Another approach is to store the persistent timeline of a user in a single cache document that is finite in size and only maintain this cache document for active users. Such an approach is implemented in Socialite by the FanoutOnWriteToCache service class.

$ db.timeline_cache.find().pretty()
{
    "_id" : “jsr”,
    "_c" : [
        {"_id" : ObjectId("...da7"), "_a" : "ian", "_m" : "earlier from ian"},
        {"_id" : ObjectId("...dc1"), "_a" : "djw", "_m" : "message from daz"},
        {"_id" : ObjectId("...dd2"), "_a" : "ian", "_m" : "message from ian"}
    ]
}
{
    "_id" : “ian”,
    "_c" : [
        {"_id" : ObjectId("...dc1"), "_a" : "djw", "_m" : "message from daz"}
    ]
}

While the documents shown here look similar to the previous bucketing approaches, this model maintains a single “capped” array of timeline entries for each user that is actively reading their timeline.
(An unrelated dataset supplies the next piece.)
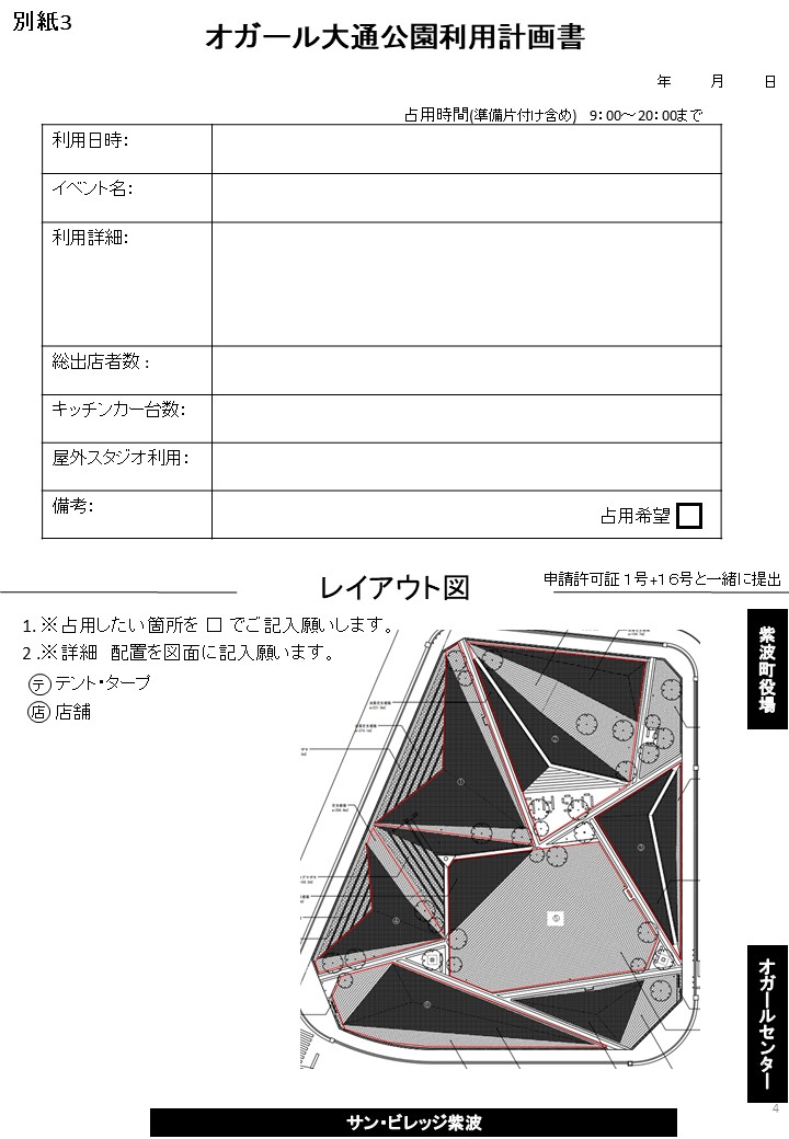 ※イベント利用時、「交流公園占用許可申請書」・「交流公園行為許可申請書」を記入していただき、イベント5日前までに交流館事務局に提出お願いします。

When a message needs to be inserted into a user’s timeline, Socialite executes something similar to the following update :

db.timeline_cache.update(
    {"_id" : "ian"},
    {$push : { "_c" : {
        $each : [{"_id" : ObjectId("...dc1"), "_a" : "djw", "_m" : "new message"}],
        $slice : -50 }
    }},
    false, false)

This update has two subtle yet important characteristics :

  1. The $slice operator limits the size of the timeline cache to a configurable number of entries (50 in this example).
  2. Setting the upsert flag to false means that no write will occur at all if the users cache document does not exist.

In order to avoid storing and maintaining a timeline cache for dormant or bot users which never access their account, the cache document is only created on read and is initialized by falling back to a fanout-on-read approach. If a user scrolls back in their timeline beyond the limit of the cache, the system also falls back to fanout on read.

When to Use

The fanout on write (cache) model has several advantages in the following use cases :

  • Timeline history (beyond what is cached) is rarely accessed
  • There are many inactive/bot users that do not read timelines
  • Timeline storage is premium (i.e using SSD or Provisions IOPS)

Content Embedding vs Linking

Each of the fanout on write models described also support configuration of which content details actually get stored in the timeline cache. For simple content like short messages, it may make sense to embed the message id, the author id and the message itself.

For more complex content, or in situations where the client may be displaying only parts of a large complex timeline cache, it may be preferable to embed only content_id and author_id into the timeline and retrieve the content itself on demand from the Content Service.

Some considerations for the difference between these two approaches are :

  • Embedding rich content can make the cache document sizes unpredictable. This may result in the cache documents needing to be moved many times.
  • Linking to content will place a larger load on the Content Service. This may require the Content Service to be spread across more shards.